My day job is in the Federal Office of Rural Health Policy. We’ve been tracking rural hospital closures for almost ten years now, and multiple members of Congress are interested, especially in what’s going on in their states. We advise their staff on what they should focus on to best serve their communities. Down the line, we’ll often see our suggestions in a proposed bill. Even if the bill isn’t passed, it builds interest and moves the needle on those ideas.
I really like being part of the Gillings community, too, because I learn from students every day and have the full support of my colleagues. What I’ve seen over the past 1.5 years in particular is how different people have stepped up to help each other. The person propping me up changes over time, and the person I stand behind changes, but the constant is how we all believe in service and we want to make North Carolina and the world a better place. That passion shows each and every day.
How have you pivoted in response to the coronavirus pandemic?
In February 2020, it became clear what was coming, but I was only responding at a personal level because I wasn’t sure what I could offer professionally. I was vaguely aware of all these infectious disease models I couldn’t contribute to. But it became clear by mid-March that this would be all hands on deck and everyone had something to share. I saw an angle where I could use hospital data to inform infection prevention and response strategies in rural communities, and I also accepted that the pandemic would necessitate a “good enough” mentality around research.
That sounds bad, but when the secretary of health and human services and the governor say, “We need an answer in five days,” you don’t get to reply, “I’m still six months away from the first iteration of the model.” You just have to ask, “What can we do to inform the best decision-making with incomplete data? What can we design in the next five days to maximize evidence-based policy making?” I’ve learned that policymakers often have to be comfortable with a higher degree of uncertainty than we like to see in science.

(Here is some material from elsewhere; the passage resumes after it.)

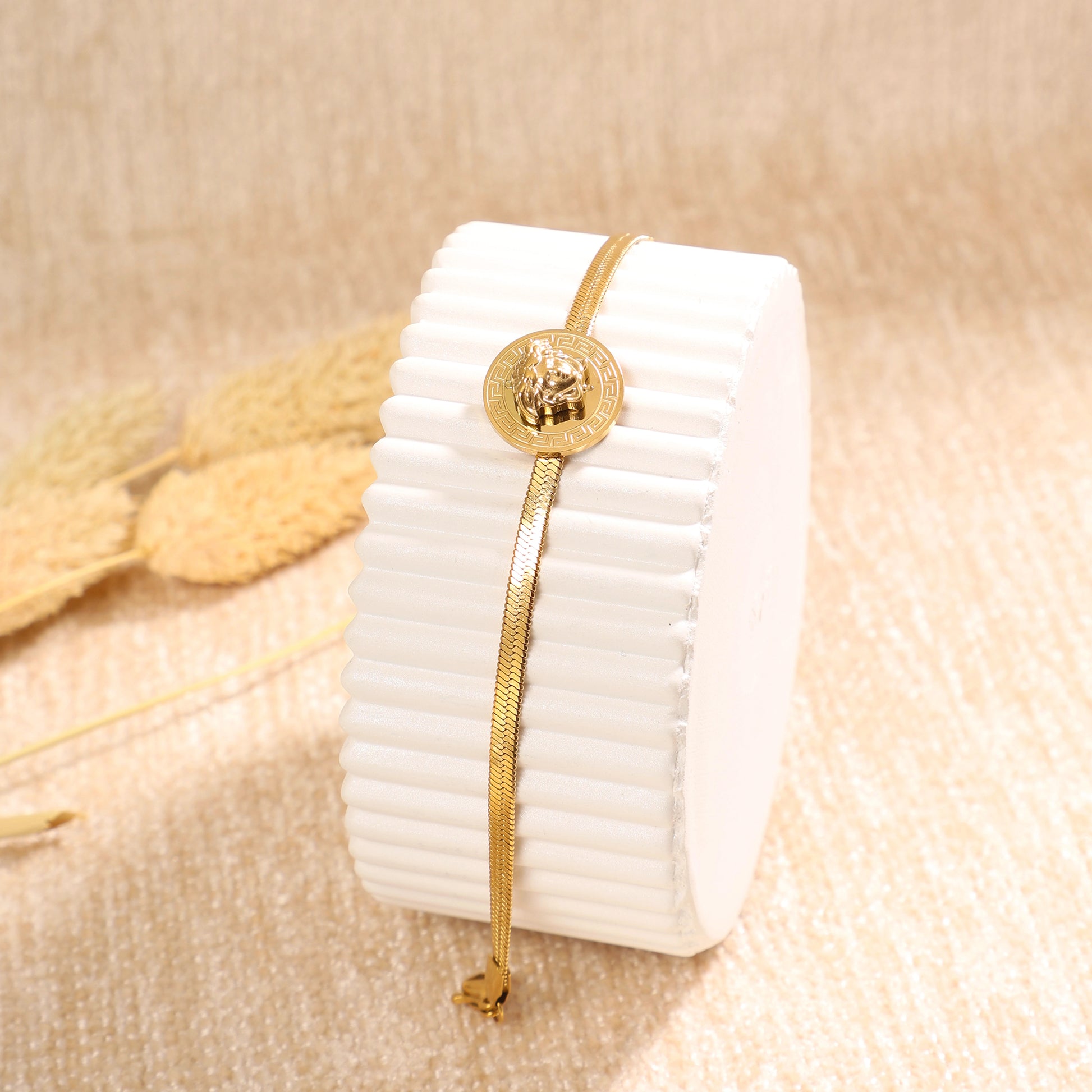 أضيفي لمسة من الفخامة والقوة إلى معصمك مع هذا الانسيال المستوحى من علامة فيرساتشي الشهيرة. يتميز بتصميمه الذي يجمع بين سلسلة ناعمة ومسطحة، وقلادة دائرية بارزة تحمل رسم ميدوسا الأسطوري، وهو الرمز الأيقوني للعلامة. هذا التصميم يمنحه مظهراً جريئاً وراقياً في آن واحد.

There was blow back during the pandemic on things scientists got wrong: Should we wear masks or not? Should we leave our mail in the garage for three days or not? But science is iterative, and having a perfect answer six months later is useless when people are dying today.
And that leads me to a positive silver lining of this pandemic: The public has learned more about how researchers model possible outcomes, and the media has learned not to over-interpret results or report projected outcomes as definitive — rather, they share the “latest estimates.” I personally have a lot of respect for any person who walks into the arena and says, “We need to know something; here’s what I have. I know it won’t be right, but maybe it will be useful.”
Who are you when you’re at home?
Unlike my work life, my home life is fairly predictable from year to year. I grow a garden that feeds squirrels and deer, from which I harvest only weeds. Until, I don’t know, mid-September, I irrationally believe this is the year the Detroit Lions will win the Super Bowl. I put on weight May to December and then lose it January to April. I ask my colleague and friend George Pink to educate me about Canadian holidays. I develop a foolproof plan to ensure my kids will finally do their part to take care of the dog that — somehow — falls short (again). All in all, it’s a pretty great existence.